UNITED STATES
SECURITIES AND EXCHANGE COMMISSION
WASHINGTON, D.C. 20549
FORM 8-K
CURRENT REPORT
Pursuant to Section 13 OR 15(d) of The Securities Exchange Act of 1934
Date of Report (Date of earliest event reported): May 2, 2017 (April 27, 2017)
NorthWestern Corporation
(Exact name of registrant as specified in its charter)
Delaware (State or other jurisdiction of incorporation) | 1-10499 (Commission File Number) | 46-0172280 (IRS Employer Identification No.) | ||
3010 W. 69th Street Sioux Falls, South Dakota (Address of principal executive offices) | 57108 (Zip Code) | |||
(605) 978-2900 (Registrant's telephone number, including area code) |
Indicate by check mark whether the registrant is an emerging growth company as defined in as defined in Rule 405 of the Securities Act of 1933 (§230.405 of this chapter) or Rule 12b-2 of the Securities Exchange Act of 1934 (§240.12b-2 of this chapter).

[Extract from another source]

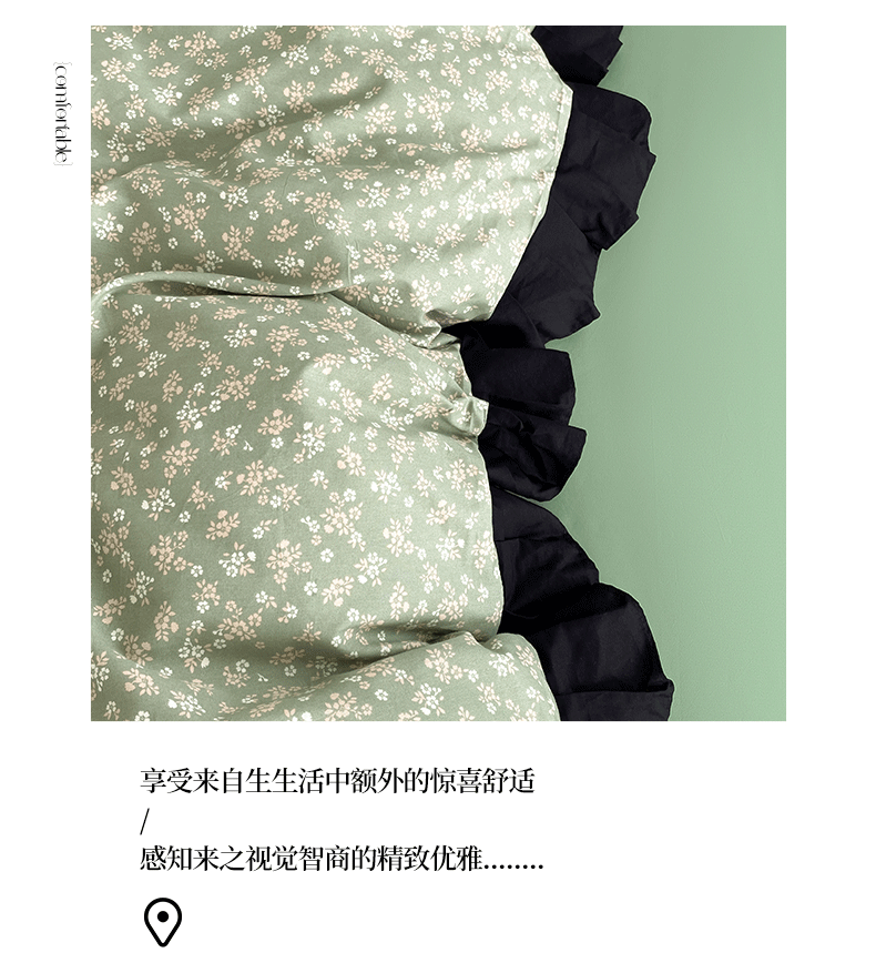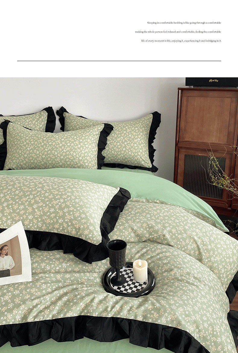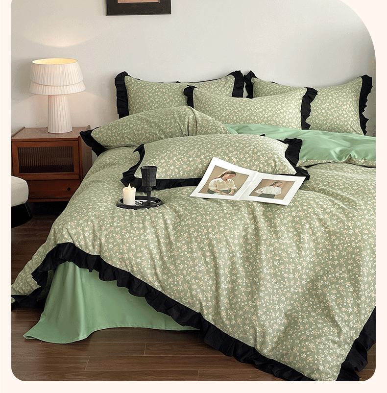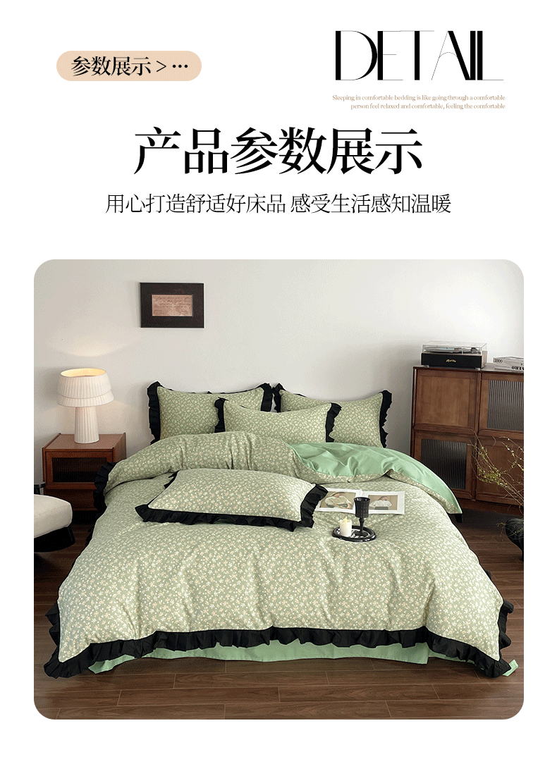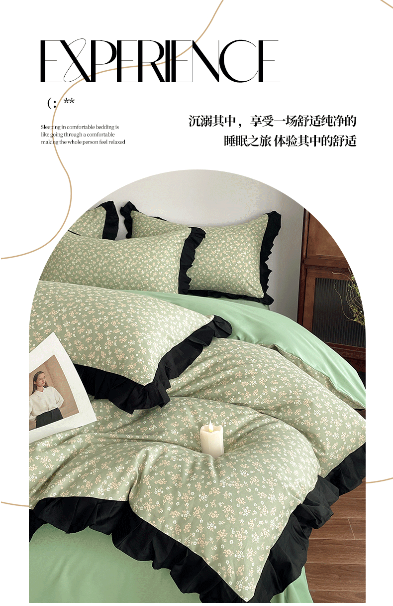 商品名称:羚羊语家纺 2026新款全棉法式赫本风花边四件套40支纯棉轻法式13372小清新喷气印花四件套被套床单床笠三件套 青禾枕梦

Emerging Growth Company o |
If an emerging growth company, indicate by check mark if the registrant has elected not to use the extended transition period for complying with any new or revised financial accounting standards provided pursuant to Section 13(a) of the Exchange Act. o
Check the appropriate box below if the Form 8-K filing is intended to simultaneously satisfy the filing obligation of the registrant under any of the following provisions (see General Instruction A.2. below):
[ ] Written communications pursuant to Rule 425 under the Securities Act (17 CFR 230.425)
[ ] Soliciting material pursuant to Rule 14a-12 under the Exchange Act (17 CFR 240.14a-12)
[ ] Pre-commencement communications pursuant to Rule 14d-2(b) under the Exchange Act (17 CFR 240.14d-2(b))
[ ] Pre-commencement communications pursuant to Rule 13e-4(c) under the Exchange Act (17 CFR 240.13e-4(c))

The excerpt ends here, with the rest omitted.